Dear Lauren: If you realize you don’t like someone, should you tell them the moment you realize, or wait for an opportunity where it won’t mess up something important going in their lives?
One of my favorite quotes about relationships comes from a film that could never ever be categorized as a romance of any sort.
As Mia Wallace says in “Pulp Fiction” :
“That’s when you know you’ve found somebody special. When you can just shut the fuck up for a minute and comfortably enjoy the silence.”
Strangely enough, I was a fan of the quote before I learned that Quentin Tarantino’s masterpiece is one of my boyfriend’s favorite films. It never stops feeling oh-so refreshing to be in a balanced relationship.
Not that I’ve never had my heart stomped on, shattered, and other profane verbs that start with the letter “s.” I’ve been the dumper, dumpee, and “mutual” breaker-upper (seriously, you aren’t fooling anyone. A break up is never really okie-dokie on both sides.)

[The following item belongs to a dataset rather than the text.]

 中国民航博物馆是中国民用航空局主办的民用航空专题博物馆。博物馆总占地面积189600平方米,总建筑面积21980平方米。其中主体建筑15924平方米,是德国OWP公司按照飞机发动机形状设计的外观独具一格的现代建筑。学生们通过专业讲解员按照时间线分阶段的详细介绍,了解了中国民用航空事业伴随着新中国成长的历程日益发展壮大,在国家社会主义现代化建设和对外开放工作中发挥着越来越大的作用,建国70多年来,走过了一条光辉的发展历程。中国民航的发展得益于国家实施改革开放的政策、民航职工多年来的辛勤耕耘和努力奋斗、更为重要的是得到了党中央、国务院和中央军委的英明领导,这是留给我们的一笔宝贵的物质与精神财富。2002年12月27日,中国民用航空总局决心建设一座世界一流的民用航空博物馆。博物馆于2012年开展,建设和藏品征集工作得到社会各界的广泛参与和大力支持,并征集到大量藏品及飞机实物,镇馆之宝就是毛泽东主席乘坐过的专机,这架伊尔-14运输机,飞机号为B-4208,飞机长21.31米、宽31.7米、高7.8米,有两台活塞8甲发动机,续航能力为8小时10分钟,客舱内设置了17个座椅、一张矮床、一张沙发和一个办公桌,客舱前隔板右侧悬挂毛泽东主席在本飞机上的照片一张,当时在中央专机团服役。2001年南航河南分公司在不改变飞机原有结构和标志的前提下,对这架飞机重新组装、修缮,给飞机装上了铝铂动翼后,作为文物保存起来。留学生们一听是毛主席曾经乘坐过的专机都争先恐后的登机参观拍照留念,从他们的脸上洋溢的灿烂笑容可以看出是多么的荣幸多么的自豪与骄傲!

We never stop breaking up – Hell, even marriage isn’t the end-all-be-all of relationships anymore. And that’s OK! Can you imagine being trapped forever with your first elementary school “boyfriend” or “girlfriend?” My first “boyfriend” came out years after we decided we weren’t ready to commit to each other at the ripe old age of 11. Wouldn’t that have been a love story for the ages?

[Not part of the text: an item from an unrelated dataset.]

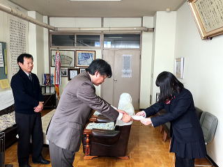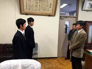 3年生の土屋君、1年生の杉田君のインターハイ出場・国体出場の激励会が校長室で行われました。生徒それぞれ大会の抱負を述べ、校長先生からは「長野東高校、長野県の代表としてがんばってきて欲しい」という言葉を頂きました。インターハイは、1月19日~23日、国体は1月27日~31日で共に岩手県盛岡市で行われます。

Which brings us back to you and your relationship revelation: Maybe the Facebook official relationship you jumped into isn’t as great as when you were just dating. Maybe the spark has fizzled out of a long-term relationship. Maybe you have a tiny voice in the back of your head you just can’t get to stop whispering, “Is this really what you want?”

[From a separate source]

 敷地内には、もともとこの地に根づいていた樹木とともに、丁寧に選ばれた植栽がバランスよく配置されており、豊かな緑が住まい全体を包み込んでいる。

Well, is it? Does the thought of making and keeping plans with this person make you anxious, not excited? Are you faking contagious illnesses to get out of making out? Can you two shut the fuck up and enjoy a comfortable silence?
Con-sad-ulations – it’s time to dump someone.
There is ABSOUTELY such a thing as break up etiquette. And to keep it simple, I’ve created a short acronym to keep in mind before any break up: D.U.M.P.
Do your research. Your question leads me to believe that something in your significant other’s life is taking precedence over your relationship. Maybe they have a family emergency, or are bogged down with schoolwork. Maybe they are having trouble with their mental health, other relationships, etc. A break up might just be what pushes them from emotional overdrive to fuck-my-entire-life status.
Good way to start a break up conversation: “I know you’re going through a lot right now (list some examples to show you care, even if you don’t want to continue a romantic relationship.) Focus on what will make your life most manageable.” Maybe they’ll put you on the back burner until their life settles, and then you can break up without “messing up” anything major.
Bad way to break up: “Sorry your dog just died. Also, I think we should see other people.”
Understand and empathize. Maybe your BF/GF saw a break up coming. Maybe it will totally blindside them. No matter what, they are going to have some kind of emotional response to the news that you don’t like them anymore.
If they start crying, the worst thing you can do is say, “Well, I better be going.” The least you can do is make sure your ex will spend the immediate post-break up time in good hands. Ask if they want you to stay with them to talk about why you want to end the relationship. Volunteer to call a friend for support. And most of all:
Make yourself the bad guy. Wait, what? You’re only breaking up with this person because they made themselves unlikeable, right?
No. Shut up. You’re an assclown.
“It’s not you, it’s me” is cliché and passé. Instead, use “I” statements to put the breakup in perspective for your now-ex. This leads into the next rule:
Provide a valid reason for the break up. Think of how your ex feels: You’ve been dumped. Your single, and you don’t want to be. You like someone who has stopped liking you. And you just don’t get it.
My worst break ups, the ones that tanked my self-esteem, kept me awake night after night, looped Taylor Swift song after Taylor Swift song, were the break ups where the guy just couldn’t answer “why?”
You might feel awful for the real reason, but you don’t have to sugar coat it. “I have a crush on someone else and want to pursue that relationship.” “I don’t feel chemistry with you anymore, and that’s really important to me in a relationship.” “I feel too much pressure being a boyfriend/girlfriend, and I really just want to be single.”
And if all else fails, think about how you’ve ended relationships in the past, or how exes broke up with you. Did someone try to pull out the “I promise we’ll stay friends!” line, then proceed to date one of your friends? Did you break up with someone via MySpace message, which your ex then printed and showed everyone in your high school and you couldn’t get a date until after prom?
You don’t get to stay in their Top 8 if you said, “forever and always,” but didn’t mean it, baby.